Thanks so much for any more help on how to do batch re-sizing using IV


----------



## dual layer dvd (Aug 20, 2008)

DonaldG said:


> I would suggest that 800 pix wide would be suitable size.
> 
> If you use software to resize, put the originals in one folder and in the batch instructions make a copy into a seperate folder. That way you keep the originals intact.


Oh definitely! The pictures are all still in their original folders around the internal HDD, but since I have all my favorites organized now, I will definitely make sure to create a new re-sized folder for the batch to be saved into so I can keep the native quality/resolution intact. Thanks


----------



## Done_Fishin (Oct 10, 2006)

Sort your pictures by portrait / landscape or you'll be in for a surprise when the results aren't uniform


----------



## dual layer dvd (Aug 20, 2008)

Done_Fishin said:


> Sort your pictures by portrait / landscape or you'll be in for a surprise when the results aren't uniform


Oh, that would have been aggravating. Thanks for letting me know - what changes would there be if I didn't sort them out? Thanks for the tip, I'm going to make sure I sort them out.

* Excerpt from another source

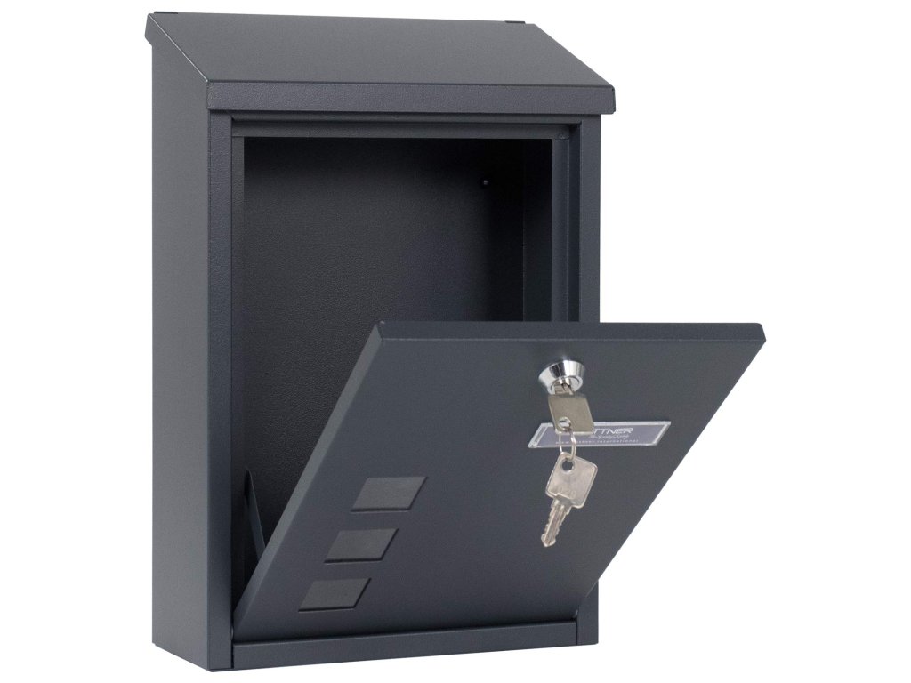 Hlavní výhody: Cylindrický zámek s 2 klíči Nerezová ocel odolná proti povětrnostním podmínkám Horní otvor pro vhod pošty velikosti A4 Otvor pro vhod pošty chráněný stříškou Jmenovka Klasický tvar poštovní schránky vyroben z nerezavějící oceli doplněn o tři malé okénka, které ukáží, ať už vaše pošta dorazila. Horní otvor pro vhazování pošty je akorát pro poštu do velikosti A4. Zároveň je krytý stříškou, která zabrání nežádoucímu vnikání vody a nešistôt do schránky. Samozřejmostí je jmenovka spolu s přiloženým upevňovacím materiálem, abyste si mohli schránku hned po obdržení přimontovat na stěnu.Doplňkové parametry

I'm poking around Irfanview trying to figure out how to do batch re-sizing...


----------



## Done_Fishin (Oct 10, 2006)

you'd want a portrait converted to say 800*600 whilst a landscape would need to be 600*800. This just generally refers to the way we look at a photo, like an A4 sheet of paper, you either print portrait style or landscape style.

if you don't sort them (and save to a new folder - DON'T OVERWRITE!!!) landscapes will be will converted, making them taller and slimmer than original.


----------



## dual layer dvd (Aug 20, 2008)

Done_Fishin said:


> you'd want a portrait converted to say 800*600 whilst a landscape would need to be 600*800. This just generally refers to the way we look at a photo, like an A4 sheet of paper, you either print portrait style or landscape style.
> 
> if you don't sort them (and save to a new folder - DON'T OVERWRITE!!!) landscapes will be will converted, making them taller and slimmer than original.


Thanks a lot... I just gave it a shot, it seemed pretty easy and intuitive straight from the file drop down menu, selected the batch conversion and advanced features for resize, and even watched a detailed 6 minute Youtube video of batch re-sizing in Irfanview, but in stead of saving the folder's contents I selected (including subfolders images) into a new re-sized folder, about half of the 1,020 images I selected to resize were placed on the desktop outside of any folder, which took a while to clean up, lol!

I will give it another shot, and see if I can get some better results - thanks again for your help


----------